The No. 4 Commando contingent landed without incident on the extreme right flank. In a textbook action, the men blew up the six 6-inch guns of the Varangeville battery and by 0730 hours were on their way back to England. The mission, carried out with daring and skill, would be the only complete success of the entire operation.
By closely coordinating the timing of the flank assaults at Puys and Pourville, the invaders hoped to minimize the chance of alerting the Germans’ main defenses, but the Royal Regiment of Canada was already in trouble. Having not made up the time during the confusion on the run in, the Canadian force had broken into two waves instead of one and would hit the narrow Blue Beach at Puys nearly 20 minutes late and in full daylight.

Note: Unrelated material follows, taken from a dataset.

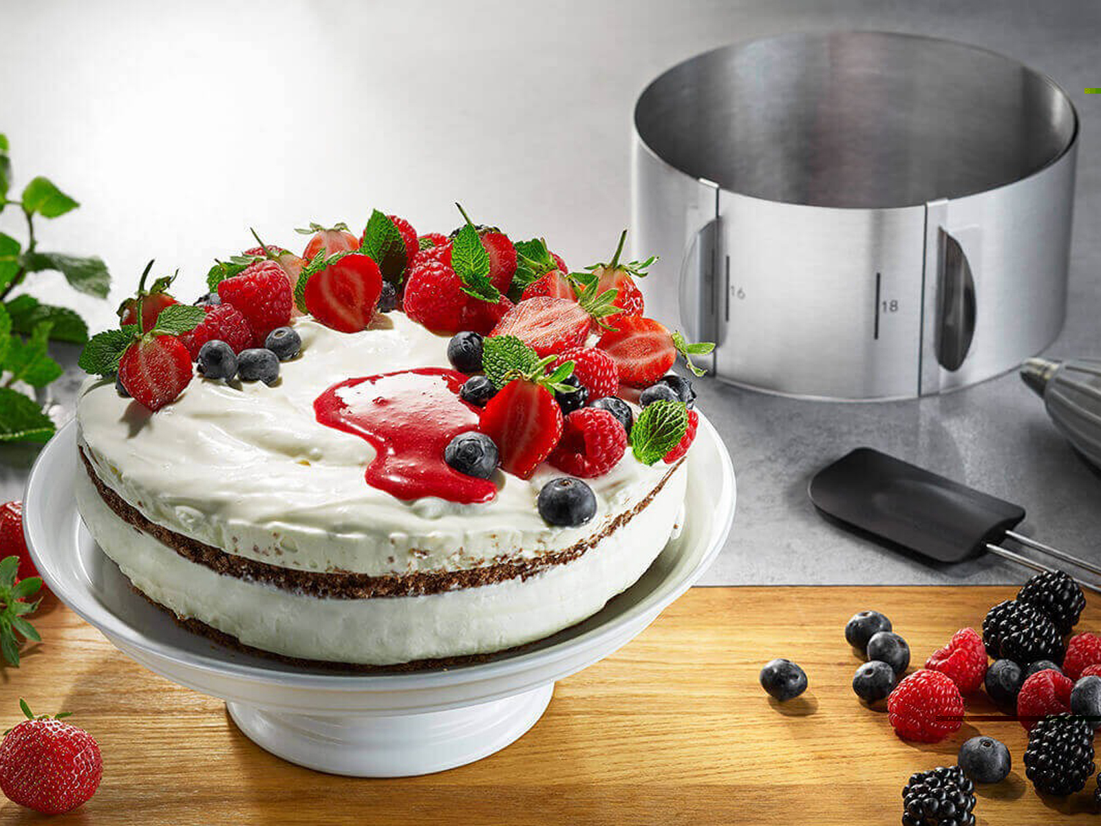 Obręcz GEFU Tondo to uniwersalna forma przeznaczona do tortów, ciast, zapiekanek i innych wypieków różnej wielkości. System regulacji ze skalą umożliwia płynne dostosowywanie średnicy w zakresie od 16 do 32 cm, a praktyczne uchwyty pomagają zatrzymać obręcz w wybranym rozmiarze. Wykonanie ze stali nierdzewnej gwarantuje trwałość i odporność na korozję. Dodatkowo, możliwość całkowitego otwarcia i rozłożenia konstrukcji znacznie upraszcza jej czyszczenie po każdym użyciu.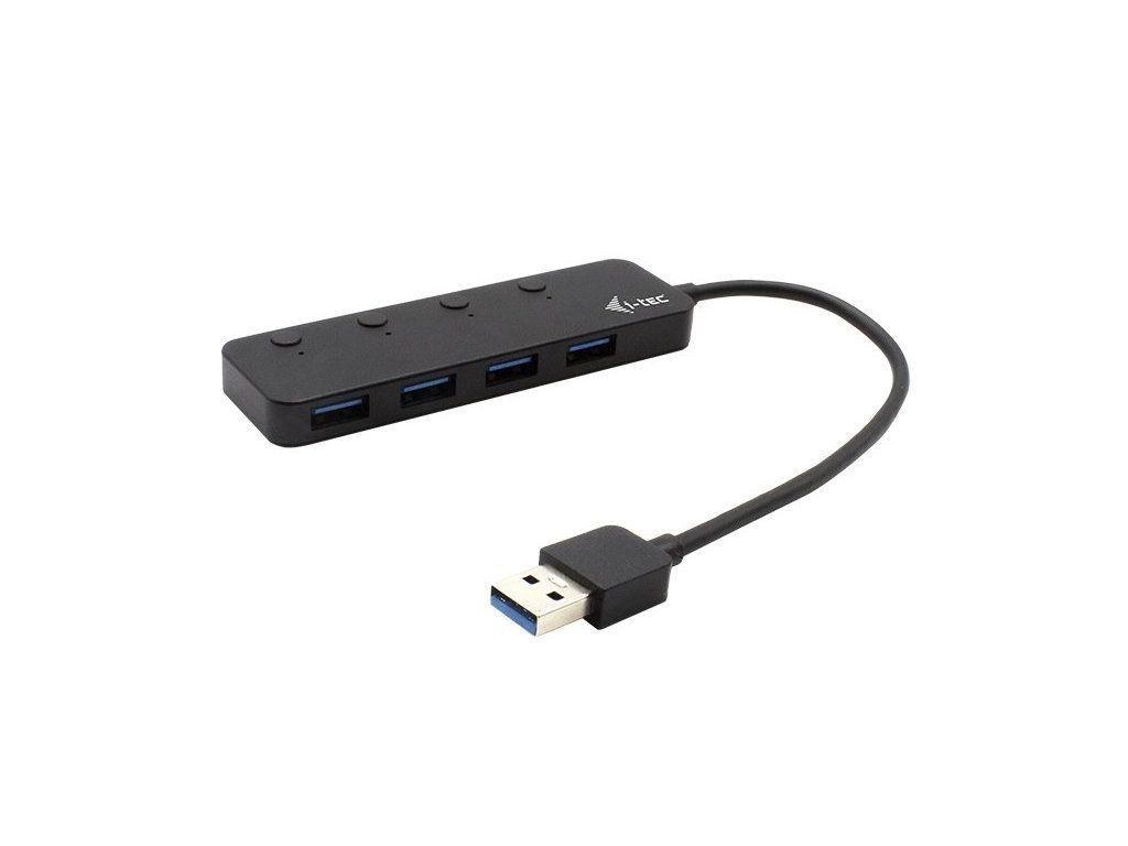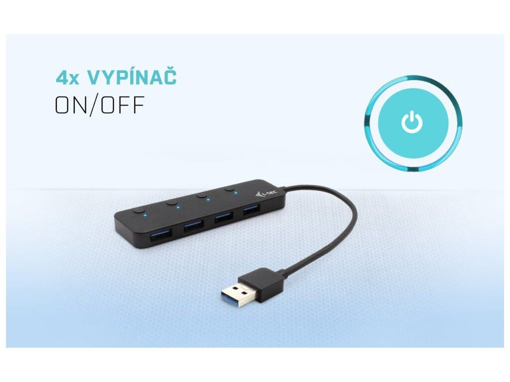 i-tec USB HUB METAL/ 4 porty/ USB 3.0/ tlačítko On/Off pro zapnutí a vypnutí/ kovový/ černý

Their protective smoke screen, dispersed prematurely by the breeze, failed to conceal their approach as German gunfire confirmed that the element of surprise had been lost.
With bullets already striking the metal ramps, the tension was almost unbearable as the men steeled their nerves and moved to the forward section of their landing craft ready to disembark. When the LCPs struck the beach, the troops surged forward into a hell few could have ever imagined. Sheltered in trenches and pillboxes, the waiting Germans opened up with a heavy and murderously accurate deluge of fire. The effect was devastating.

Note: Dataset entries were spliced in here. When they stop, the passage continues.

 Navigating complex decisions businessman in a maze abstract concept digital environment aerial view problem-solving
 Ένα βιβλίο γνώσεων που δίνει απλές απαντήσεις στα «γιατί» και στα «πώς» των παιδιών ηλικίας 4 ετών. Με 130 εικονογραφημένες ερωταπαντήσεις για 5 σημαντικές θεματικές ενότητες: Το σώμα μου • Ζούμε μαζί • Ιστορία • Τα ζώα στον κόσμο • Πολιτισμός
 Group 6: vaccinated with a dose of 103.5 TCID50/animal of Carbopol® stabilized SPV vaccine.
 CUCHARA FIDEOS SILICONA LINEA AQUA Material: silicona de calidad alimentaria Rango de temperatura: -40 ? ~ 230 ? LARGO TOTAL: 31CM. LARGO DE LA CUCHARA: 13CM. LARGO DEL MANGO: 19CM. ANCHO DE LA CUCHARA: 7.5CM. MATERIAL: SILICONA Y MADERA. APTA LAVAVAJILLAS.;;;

The 300 yards from the shoreline to the head of the beach were soon littered with the bodies of the dead and wounded as most of the first wave was annihilated. The few who had cleared the shingle unscathed huddled for dear life against a 12-foot stone sea wall as German shells tore up every square inch of the beach behind them.
While teams tried to blow breaches in the wire, the men beneath the wall found themselves exposed to enfilade fire from a blockhouse overlooking the beach.
The concrete fortification claimed scores of troops as its guns swept the outer face of the wall until an officer, leading from the front, worked his way forward to throw a grenade through the embrasure, killing the occupants, then falling dead himself.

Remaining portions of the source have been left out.